#### TASK DIRECTIONS
When you reach the line containing "Beni Ourain rugs" in the entries below, begin reproducing lines exactly, and stop once the line containing "CNEIPO Compagnia nazionale" is done.

#### AVAILABLE DATA

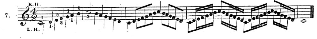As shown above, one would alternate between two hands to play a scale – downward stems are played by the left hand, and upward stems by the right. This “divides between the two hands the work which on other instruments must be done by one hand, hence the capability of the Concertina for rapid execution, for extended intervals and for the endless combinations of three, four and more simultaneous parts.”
==
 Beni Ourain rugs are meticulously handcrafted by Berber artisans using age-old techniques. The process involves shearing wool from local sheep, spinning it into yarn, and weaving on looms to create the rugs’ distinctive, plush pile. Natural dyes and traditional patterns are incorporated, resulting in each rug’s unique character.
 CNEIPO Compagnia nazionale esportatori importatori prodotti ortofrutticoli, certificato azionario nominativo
* * *
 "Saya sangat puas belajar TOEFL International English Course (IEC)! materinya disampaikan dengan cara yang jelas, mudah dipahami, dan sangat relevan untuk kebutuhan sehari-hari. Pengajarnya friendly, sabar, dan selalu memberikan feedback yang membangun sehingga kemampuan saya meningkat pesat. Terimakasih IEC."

#### THE COMPLETED TASK
 Beni Ourain rugs are meticulously handcrafted by Berber artisans using age-old techniques. The process involves shearing wool from local sheep, spinning it into yarn, and weaving on looms to create the rugs’ distinctive, plush pile. Natural dyes and traditional patterns are incorporated, resulting in each rug’s unique character.
 CNEIPO Compagnia nazionale esportatori importatori prodotti ortofrutticoli, certificato azionario nominativo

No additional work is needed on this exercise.